What is your vision, Jessica?
One that puts its people first and because its leaders put its people first, they can stand proudly at the commemorations of the events that led to the partial independence of our country which remains divided and not have to hang their heads in shame like our current caretaker chieftain.
A country that will not so easily cast aside one third of its population in pursuit of profits and comfortable lifestyles for the countries elite but do all in its power to unite all of our people and be fearless in pursuit of that unity, defying London, Brussels, Berlin and Washington if need be.
A country proud of our history, not ashamed of it, that will turn the aversiveness of our past into the prosperity of our future.
A country that will put Irish people first, that will listen to its people and understand that when they say they don’t want water charges they mean it and not defy them to appease their European masters.
A country that will invest in our future as an independent nation, to be self sufficient in energy, to build our own financial services industry, to establish our own currency even should that be pegged to sterling once again and to nurture and invest with confidence in our young peoples innovativeness, knowledge and technical ability.
A country prepared to cherish and protect all of its citizens equally and not sell out to cover up murderous actions from other states.
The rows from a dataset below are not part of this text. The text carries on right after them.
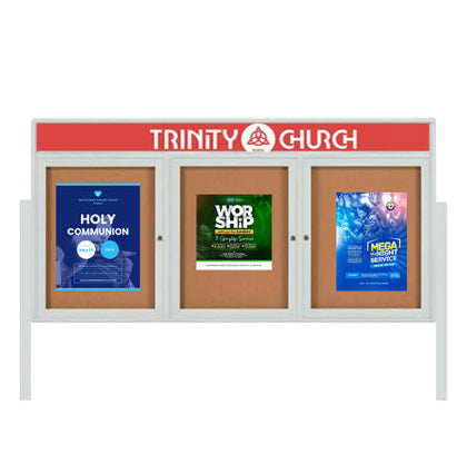 Outdoor Enclosed 96x36 Bulletin Cork Boards with ILLUMINATED HEADER (with Radius Edge & Leg Posts) (3 DOORS)
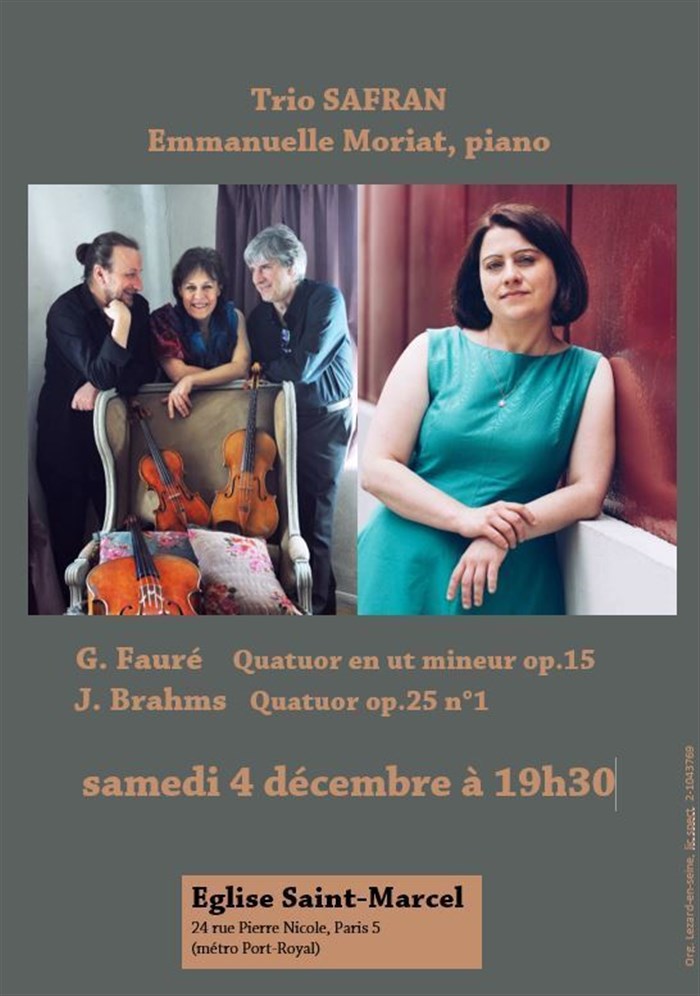 Le Trio Safran (Pascal Robault, Véronique Marin et Nicolas Miribel) et Emmanuelle Moriat (piano) interprètent les quatuors de Fauré et de Brahms.
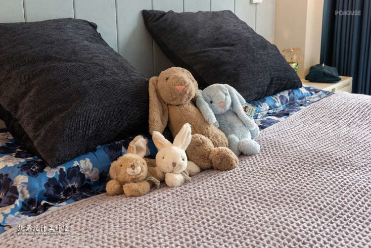 卧室和客厅是相连的,我们利用钛合金移门将两个区域隔开,通透的移门可以顺利的透光让客厅与卧室有连接感显得整个空间更加宽阔一些,同时还挂上了窗帘,让屋主的隐私能得到充分的保护。卧室整个空间抬高15公分,在抬高的空间里只需要一个20公分高的床垫即可,让床架牺牲的空间尽量的给过道使用,这样卧室会显得更为宽敞。床后用的是蓝色硬包做的拼接装饰,淡蓝色能让人感到宁静,硬包材质也有吸音的效果,有助于屋主睡眠。卧室的窗户让卧室有充足的光亮,而且由于卧室比较小,所以夜晚需要的灯光并不是很多,因此在灯光的设计上,并没有按照往常那样将灯具放在卧室中央,而是在床两边的床头柜上吊了两盏灯,既温馨又能满足卧室的照明需求。卧室和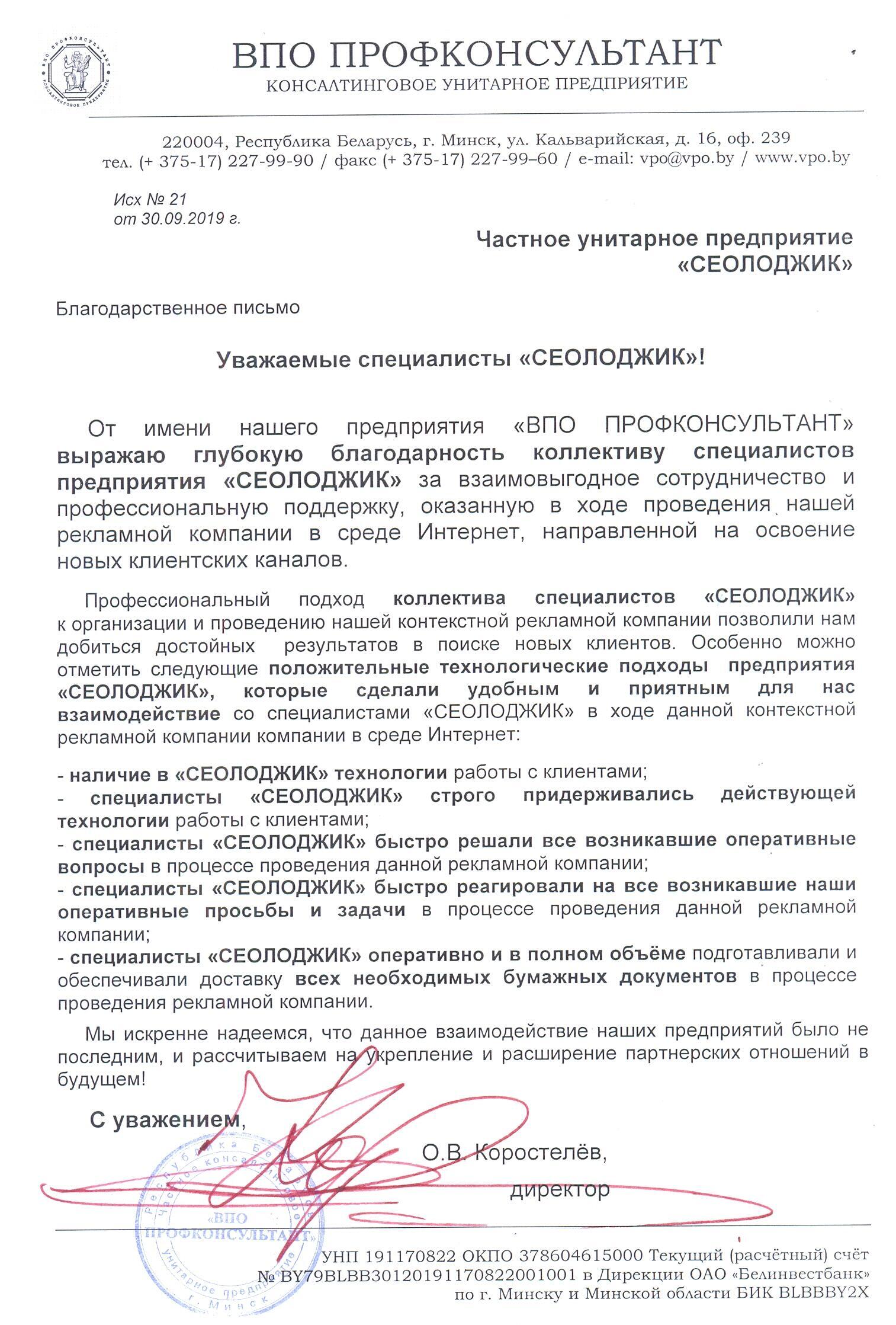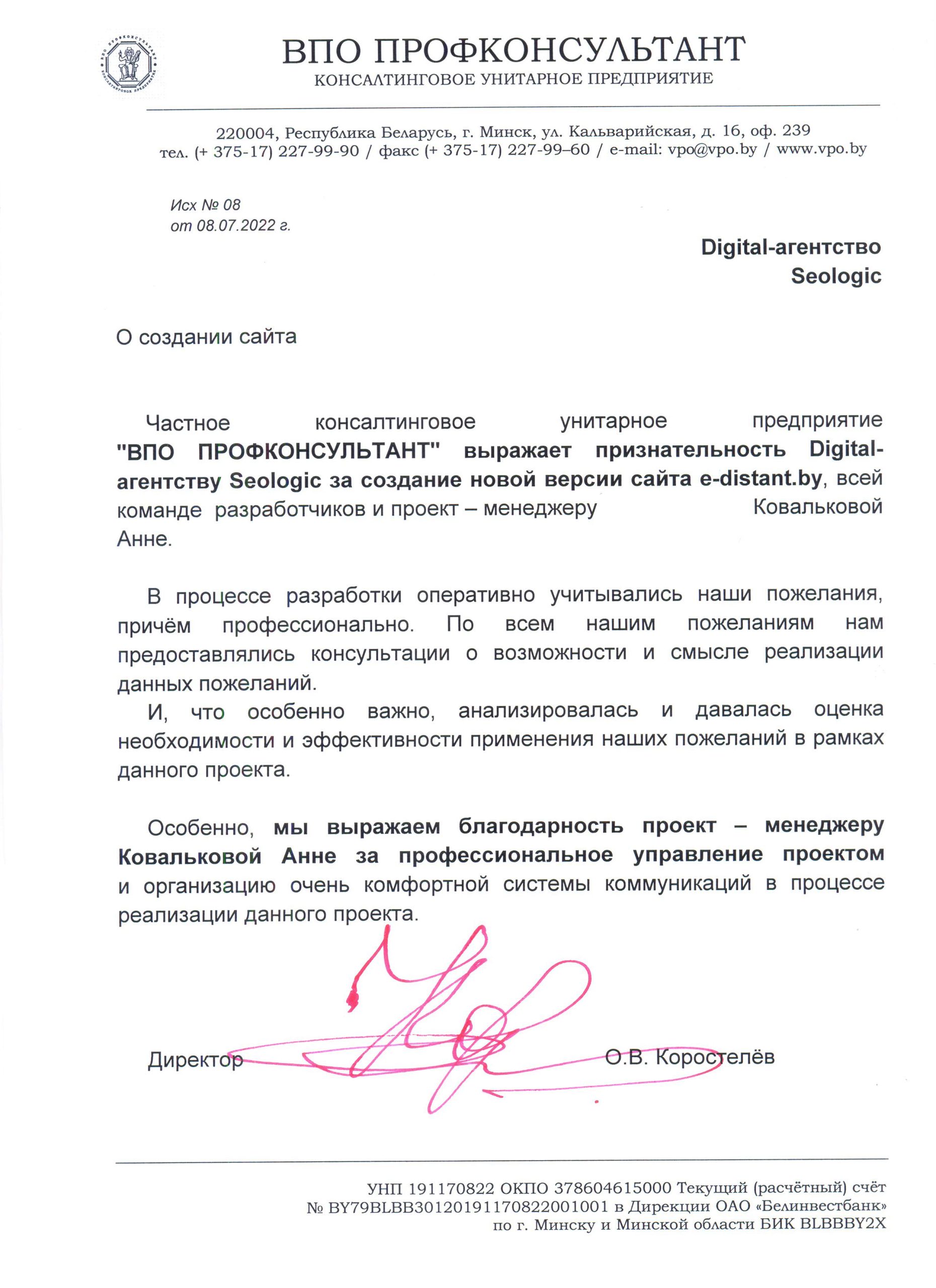 Частное консалтинговое унитарное предприятие "ВПО ПРОФКОНСУЛЬТАНТ" выражает признательность Digital-агентству Seologic...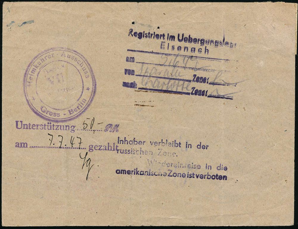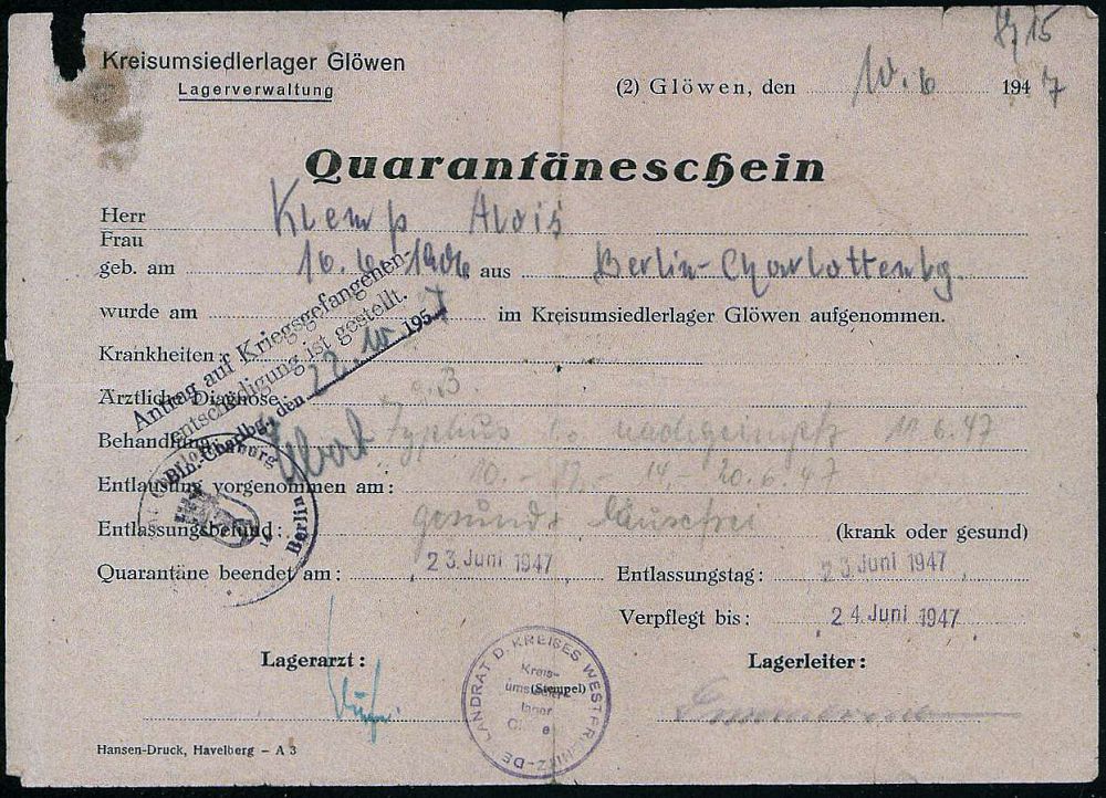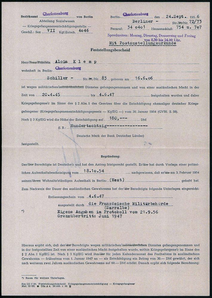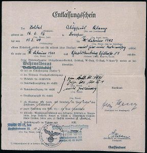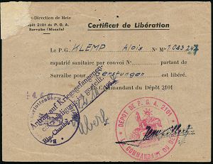 2752 | 50 € | KGF-POST II. WELTKRIEG (ab 1939) : DEUTSches reich 7 französ.ZONE 1942/56 Dokumentation eines deutschen Kgf. in französ. Kgf.-Schaft: Entlassungsschein Wehrmeldeamt Berlin (1942), , 2 französ. Repatriierungs-Doumente, 1 frz. Enlassungsschein, 2 Quarantänescheine Umsiedlerlager Glöwen (1x kyrill.-dt.) u. 1 Kgf.-Anerkennungs-Dokument Berlin-West (1956) 2 Belege Mäng. sonst gute Erhaltung, 7 Dokumente! | ![]() ![]() ![]() ![]() ![]() ![]() | |

One where Dublin will demand that MI5 gets its murderers out of Ireland and stop recruiting our young people on our streets as it does to this day, where it will demand an end to the cover up of British state collusion on grounds of national security, a country that will stand up for its people as would the USA or France and in return, to support our friends across the water above the EU or the USA.
To help them to form a new global trade relationship with eastern nations such as India, Russia, China, Bangladesh, Pakistan, Australia, New Zealand, South Africa and Canada to name a few and to build a new relationship with Britain based on mutual respect and equality for the first time in our history.
I could go on, but the current direction sickens my stomach and should make us ashamed to allow these scumbags to represent the Irish people.
The Labour Party is locked in a battle royal at the moment which a quirk in there leadership electoral system has exposed.
Unlike the conservatives, it is possible for a Labour leader to command the support of only 20 MP’s yet still becoming leader on the back of who the general membership support.
It’s basic boiling down to who has primacy the political elites (MP’s) or the general membership.
While I feel Corbyn doesn’t have the broad appeal to win a general election, it is foolish of the MP’s to try and oust him against the wishes of the members. They will simply disenfranchise the new members and the shambles it’s going to be will do nothing that will convince people they are a party fit for government.
They would be better sticking with him till after a general election and if he is defeated as they expect his removal as leader would look more appropriate.
Scott, if the media decide Corbyn has the ‘broad appeal’ to win a general election then everyone will concur. I find it laughable that we are told Corbyn hasn’t got the X factor but Terry May has or indeed Michael Gove or indeed Angela eagle, pmsl!
Do you think he can win a general election WT?
I think he just doesn’t appeal to the middle England, over 50 voter which is so important to win an election.
Tony Blair for all his faults knew how to appeal to that voter.